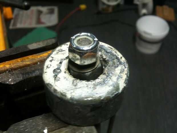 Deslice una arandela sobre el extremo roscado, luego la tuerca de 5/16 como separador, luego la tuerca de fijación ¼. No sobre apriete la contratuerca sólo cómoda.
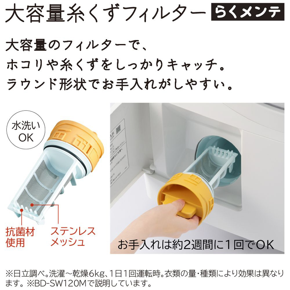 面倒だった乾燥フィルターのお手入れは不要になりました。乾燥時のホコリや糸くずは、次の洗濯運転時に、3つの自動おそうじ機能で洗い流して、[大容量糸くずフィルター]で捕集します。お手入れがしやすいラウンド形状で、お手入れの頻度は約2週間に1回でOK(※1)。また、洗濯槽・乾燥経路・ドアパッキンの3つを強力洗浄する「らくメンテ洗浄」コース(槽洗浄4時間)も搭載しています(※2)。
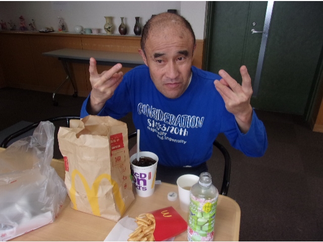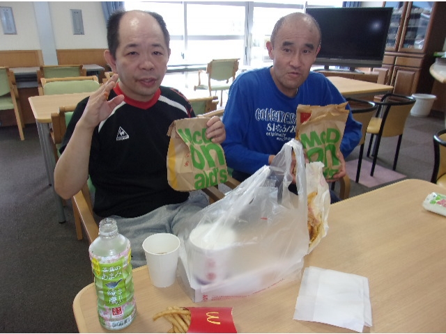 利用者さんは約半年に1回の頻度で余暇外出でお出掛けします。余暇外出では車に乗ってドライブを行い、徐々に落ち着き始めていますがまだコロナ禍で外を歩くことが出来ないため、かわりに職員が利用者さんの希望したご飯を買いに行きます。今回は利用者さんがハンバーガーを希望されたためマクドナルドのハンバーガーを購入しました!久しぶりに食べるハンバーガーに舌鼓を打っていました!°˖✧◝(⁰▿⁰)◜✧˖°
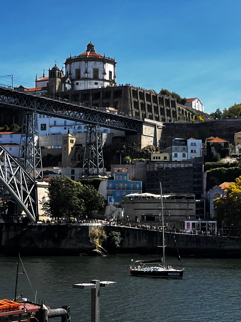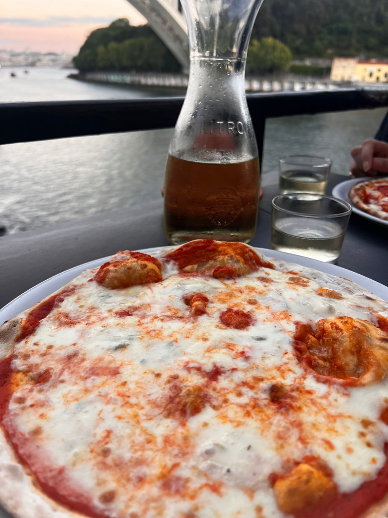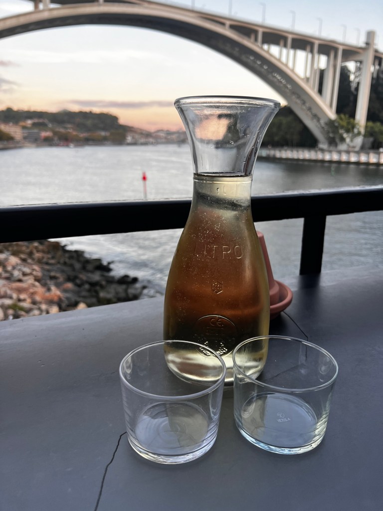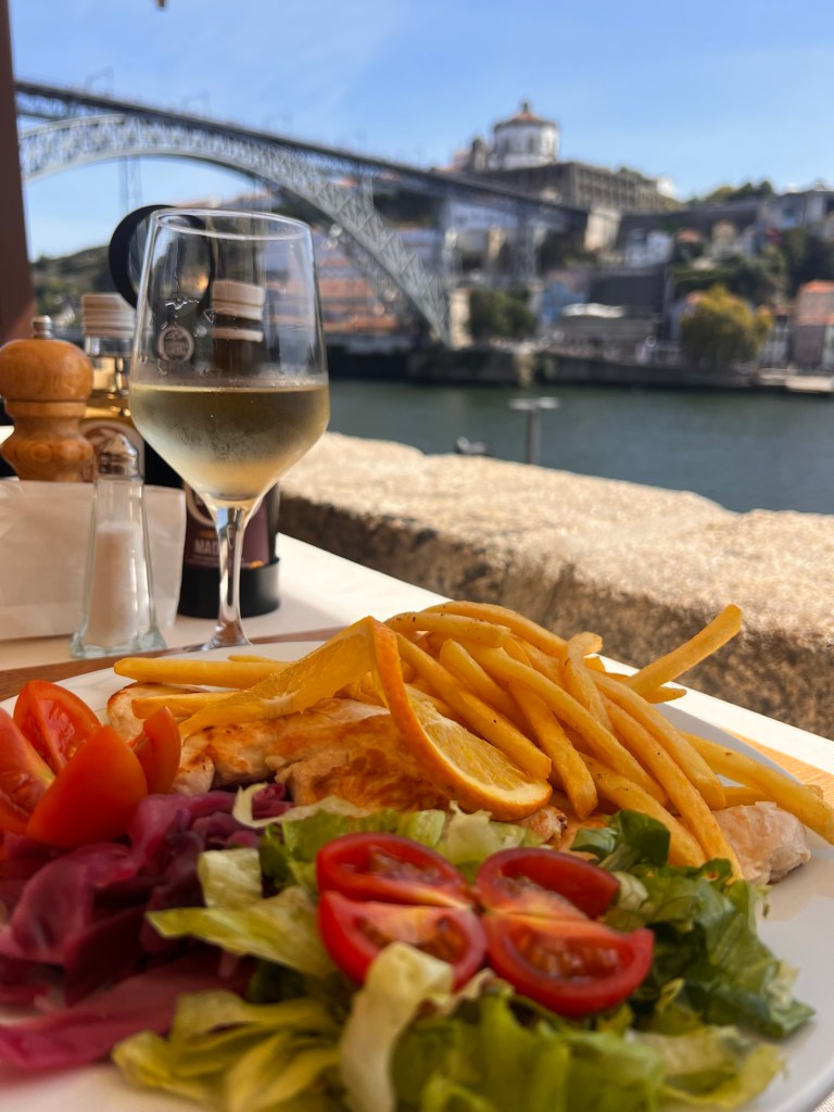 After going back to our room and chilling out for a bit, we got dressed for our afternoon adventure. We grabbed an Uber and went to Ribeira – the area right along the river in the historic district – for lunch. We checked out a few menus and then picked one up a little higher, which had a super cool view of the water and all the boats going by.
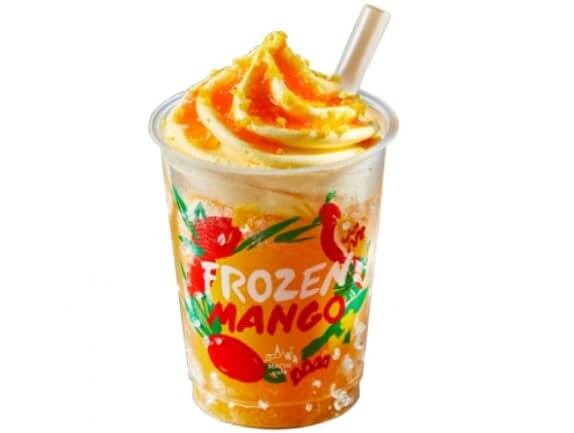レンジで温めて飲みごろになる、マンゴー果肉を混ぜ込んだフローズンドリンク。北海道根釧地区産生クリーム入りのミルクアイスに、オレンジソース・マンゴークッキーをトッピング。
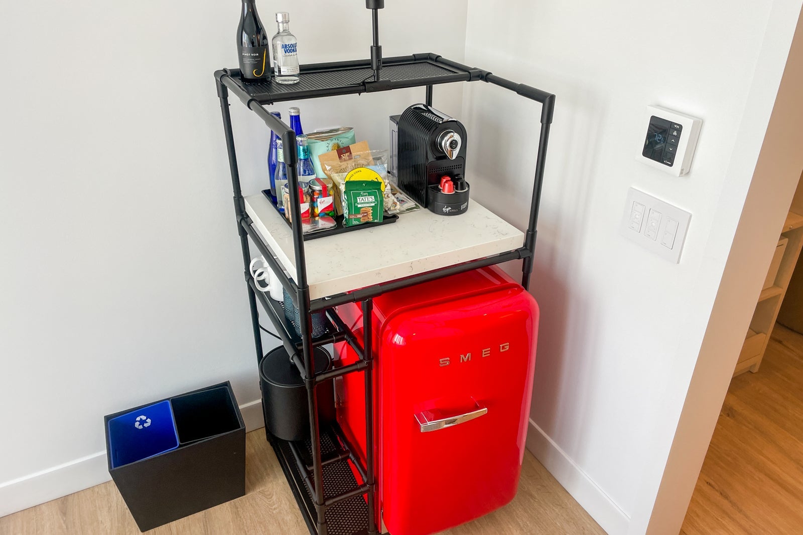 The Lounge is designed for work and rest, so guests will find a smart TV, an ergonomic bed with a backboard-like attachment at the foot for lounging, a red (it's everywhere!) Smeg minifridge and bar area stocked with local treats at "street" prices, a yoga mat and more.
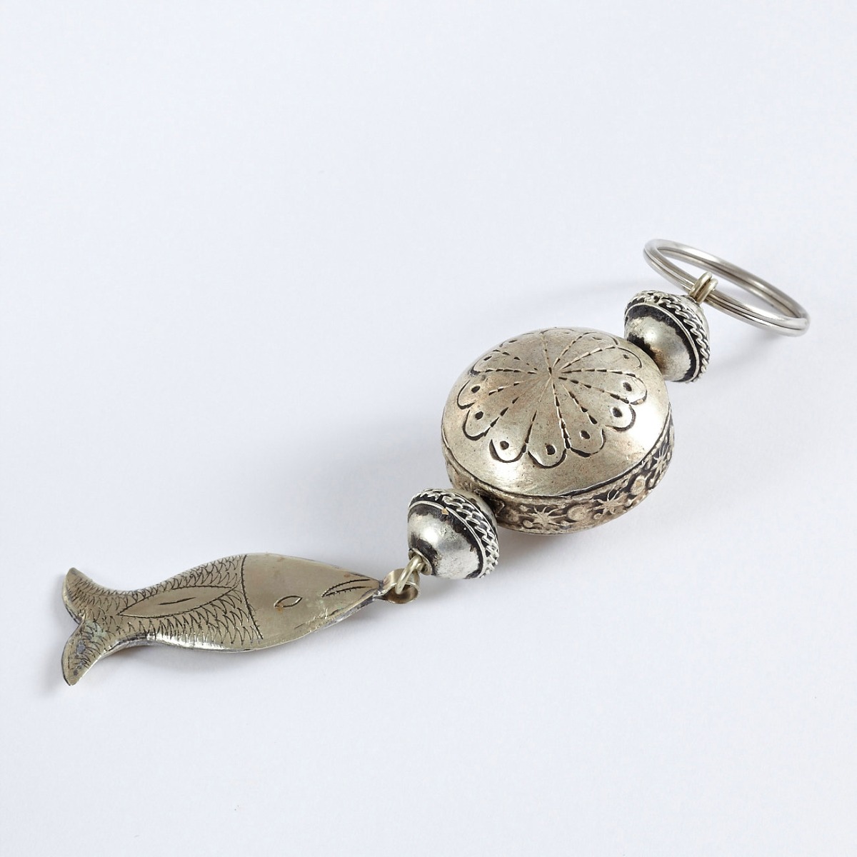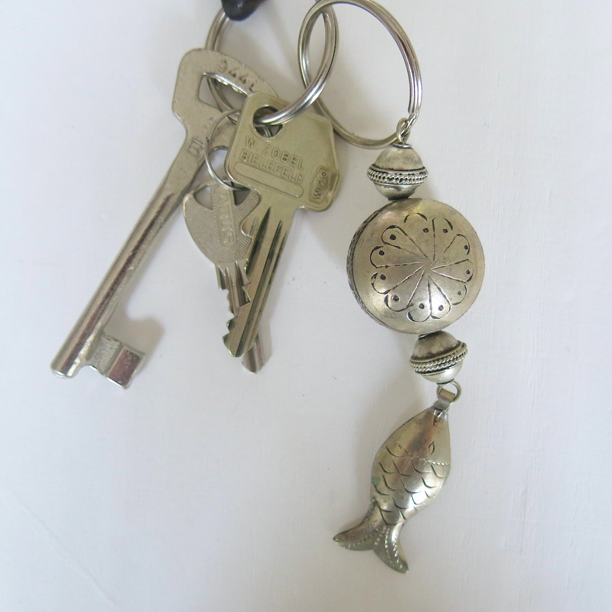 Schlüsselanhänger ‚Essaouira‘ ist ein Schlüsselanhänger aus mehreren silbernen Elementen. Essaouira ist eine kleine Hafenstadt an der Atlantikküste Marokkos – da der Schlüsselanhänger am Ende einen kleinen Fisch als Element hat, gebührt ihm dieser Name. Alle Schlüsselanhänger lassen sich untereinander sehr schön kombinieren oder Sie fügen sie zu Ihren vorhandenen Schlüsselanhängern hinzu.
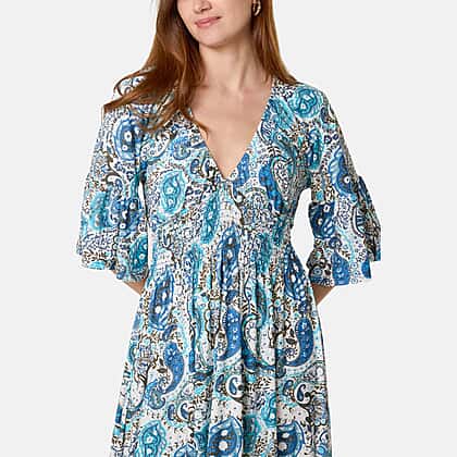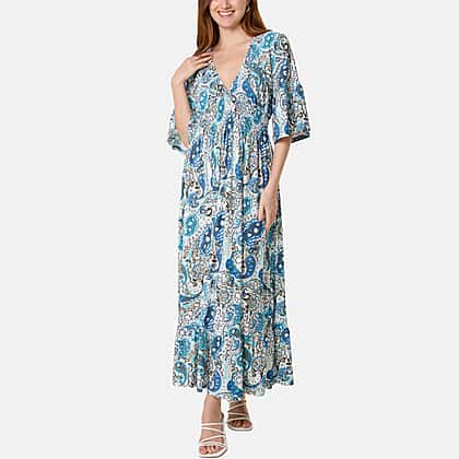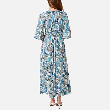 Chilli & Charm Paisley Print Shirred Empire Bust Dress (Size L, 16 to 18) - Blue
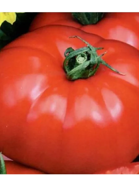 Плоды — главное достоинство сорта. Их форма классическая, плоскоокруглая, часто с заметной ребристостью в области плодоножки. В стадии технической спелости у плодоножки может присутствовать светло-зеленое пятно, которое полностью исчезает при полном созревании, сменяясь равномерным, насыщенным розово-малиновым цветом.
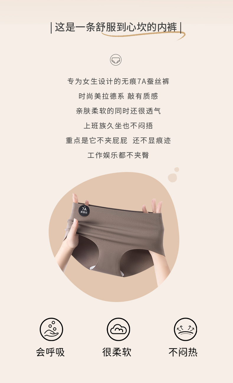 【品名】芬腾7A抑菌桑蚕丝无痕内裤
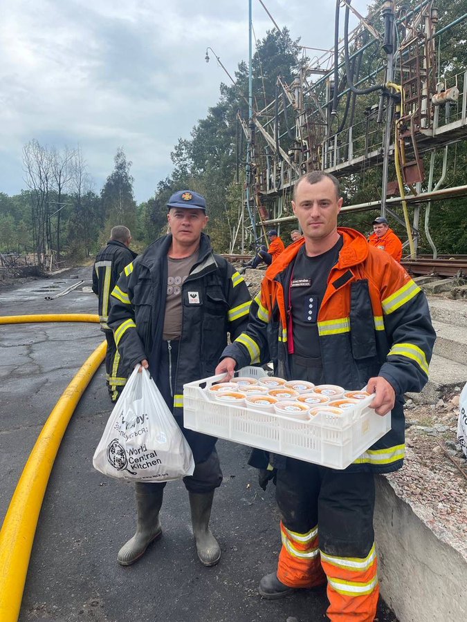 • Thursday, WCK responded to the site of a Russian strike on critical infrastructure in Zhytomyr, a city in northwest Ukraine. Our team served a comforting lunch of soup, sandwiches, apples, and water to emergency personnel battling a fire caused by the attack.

+---+

§ Your objective: A precise repetition of every entry, free of pictures, is the expected answer.

§ Answer:
 Deslice una arandela sobre el extremo roscado, luego la tuerca de 5/16 como separador, luego la tuerca de fijación ¼. No sobre apriete la contratuerca sólo cómoda.
 面倒だった乾燥フィルターのお手入れは不要になりました。乾燥時のホコリや糸くずは、次の洗濯運転時に、3つの自動おそうじ機能で洗い流して、[大容量糸くずフィルター]で捕集します。お手入れがしやすいラウンド形状で、お手入れの頻度は約2週間に1回でOK(※1)。また、洗濯槽・乾燥経路・ドアパッキンの3つを強力洗浄する「らくメンテ洗浄」コース(槽洗浄4時間)も搭載しています(※2)。
 利用者さんは約半年に1回の頻度で余暇外出でお出掛けします。余暇外出では車に乗ってドライブを行い、徐々に落ち着き始めていますがまだコロナ禍で外を歩くことが出来ないため、かわりに職員が利用者さんの希望したご飯を買いに行きます。今回は利用者さんがハンバーガーを希望されたためマクドナルドのハンバーガーを購入しました!久しぶりに食べるハンバーガーに舌鼓を打っていました!°˖✧◝(⁰▿⁰)◜✧˖°
 After going back to our room and chilling out for a bit, we got dressed for our afternoon adventure. We grabbed an Uber and went to Ribeira – the area right along the river in the historic district – for lunch. We checked out a few menus and then picked one up a little higher, which had a super cool view of the water and all the boats going by.
レンジで温めて飲みごろになる、マンゴー果肉を混ぜ込んだフローズンドリンク。北海道根釧地区産生クリーム入りのミルクアイスに、オレンジソース・マンゴークッキーをトッピング。
 The Lounge is designed for work and rest, so guests will find a smart TV, an ergonomic bed with a backboard-like attachment at the foot for lounging, a red (it's everywhere!) Smeg minifridge and bar area stocked with local treats at "street" prices, a yoga mat and more.
 Schlüsselanhänger ‚Essaouira‘ ist ein Schlüsselanhänger aus mehreren silbernen Elementen. Essaouira ist eine kleine Hafenstadt an der Atlantikküste Marokkos – da der Schlüsselanhänger am Ende einen kleinen Fisch als Element hat, gebührt ihm dieser Name. Alle Schlüsselanhänger lassen sich untereinander sehr schön kombinieren oder Sie fügen sie zu Ihren vorhandenen Schlüsselanhängern hinzu.
 Chilli & Charm Paisley Print Shirred Empire Bust Dress (Size L, 16 to 18) - Blue
 Плоды — главное достоинство сорта. Их форма классическая, плоскоокруглая, часто с заметной ребристостью в области плодоножки. В стадии технической спелости у плодоножки может присутствовать светло-зеленое пятно, которое полностью исчезает при полном созревании, сменяясь равномерным, насыщенным розово-малиновым цветом.
 【品名】芬腾7A抑菌桑蚕丝无痕内裤
 • Thursday, WCK responded to the site of a Russian strike on critical infrastructure in Zhytomyr, a city in northwest Ukraine. Our team served a comforting lunch of soup, sandwiches, apples, and water to emergency personnel battling a fire caused by the attack.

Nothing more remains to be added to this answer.